Generating Extended and Multilingual Summaries with Pre-trained Transformers
Rémi Calizzano | Malte Ostendorff | Qian Ruan | Georg Rehm
Proceedings of the Thirteenth Language Resources and Evaluation Conference

Almost all summarisation methods and datasets focus on a single language and short summaries. We introduce a new dataset called WikinewsSum for English, German, French, Spanish, Portuguese, Polish, and Italian summarisation tailored for extended summaries of approx. 11 sentences. The dataset comprises 39,626 summaries which are news articles from Wikinews and their sources. We compare three multilingual transformer models on the extractive summarisation task and three training scenarios on which we fine-tune mT5 to perform abstractive summarisation. This results in strong baselines for both extractive and abstractive summarisation on WikinewsSum. We also show how the combination of an extractive model with an abstractive one can be used to create extended abstractive summaries from long input documents. Finally, our results show that fine-tuning mT5 on all the languages combined significantly improves the summarisation performance on low-resource languages.

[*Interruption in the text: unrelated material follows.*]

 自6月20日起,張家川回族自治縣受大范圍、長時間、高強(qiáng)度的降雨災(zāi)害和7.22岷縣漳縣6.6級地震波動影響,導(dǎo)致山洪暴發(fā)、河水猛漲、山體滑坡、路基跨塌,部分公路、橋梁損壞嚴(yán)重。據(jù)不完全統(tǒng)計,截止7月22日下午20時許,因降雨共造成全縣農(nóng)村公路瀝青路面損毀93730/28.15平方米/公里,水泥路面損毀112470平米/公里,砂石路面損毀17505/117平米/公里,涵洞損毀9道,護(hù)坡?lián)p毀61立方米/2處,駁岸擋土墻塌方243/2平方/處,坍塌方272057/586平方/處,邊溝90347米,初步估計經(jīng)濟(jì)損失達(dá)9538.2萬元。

Towards Practical Semantic Interoperability in NLP Platforms
Julian Moreno-Schneider | Rémi Calizzano | Florian Kintzel | Georg Rehm | Dimitris Galanis | Ian Roberts
Proceedings of the 18th Joint ACL - ISO Workshop on Interoperable Semantic Annotation within LREC2022

Interoperability is a necessity for the resolution of complex tasks that require the interconnection of several NLP services. This article presents the approaches that were adopted in three scenarios to address the respective interoperability issues. The first scenario describes the creation of a common REST API for a specific platform, the second scenario presents the interconnection of several platforms via mapping of different representation formats and the third scenario shows the complexities of interoperability through semantic schema mapping or automatic translation.

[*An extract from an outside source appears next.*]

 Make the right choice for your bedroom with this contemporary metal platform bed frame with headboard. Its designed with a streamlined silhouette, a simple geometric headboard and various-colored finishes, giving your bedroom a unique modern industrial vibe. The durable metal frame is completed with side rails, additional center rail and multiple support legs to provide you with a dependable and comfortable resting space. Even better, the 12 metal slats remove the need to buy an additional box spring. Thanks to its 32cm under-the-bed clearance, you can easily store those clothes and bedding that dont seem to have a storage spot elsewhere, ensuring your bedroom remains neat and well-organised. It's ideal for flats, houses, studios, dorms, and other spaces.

European Language Grid: A Joint Platform for the European Language Technology Community
Georg Rehm | Stelios Piperidis | Kalina Bontcheva | Jan Hajic | Victoria Arranz | Andrejs Vasiļjevs | Gerhard Backfried | Jose Manuel Gomez-Perez | Ulrich Germann | Rémi Calizzano | Nils Feldhus | Stefanie Hegele | Florian Kintzel | Katrin Marheinecke | Julian Moreno-Schneider | Dimitris Galanis | Penny Labropoulou | Miltos Deligiannis | Katerina Gkirtzou | Athanasia Kolovou | Dimitris Gkoumas | Leon Voukoutis | Ian Roberts | Jana Hamrlova | Dusan Varis | Lukas Kacena | Khalid Choukri | Valérie Mapelli | Mickaël Rigault | Julija Melnika | Miro Janosik | Katja Prinz | Andres Garcia-Silva | Cristian Berrio | Ondrej Klejch | Steve Renals
Proceedings of the 16th Conference of the European Chapter of the Association for Computational Linguistics: System Demonstrations

Europe is a multilingual society, in which dozens of languages are spoken. The only option to enable and to benefit from multilingualism is through Language Technologies (LT), i.e., Natural Language Processing and Speech Technologies. We describe the European Language Grid (ELG), which is targeted to evolve into the primary platform and marketplace for LT in Europe by providing one umbrella platform for the European LT landscape, including research and industry, enabling all stakeholders to upload, share and distribute their services, products and resources. At the end of our EU project, which will establish a legal entity in 2022, the ELG will provide access to approx. 1300 services for all European languages as well as thousands of data sets.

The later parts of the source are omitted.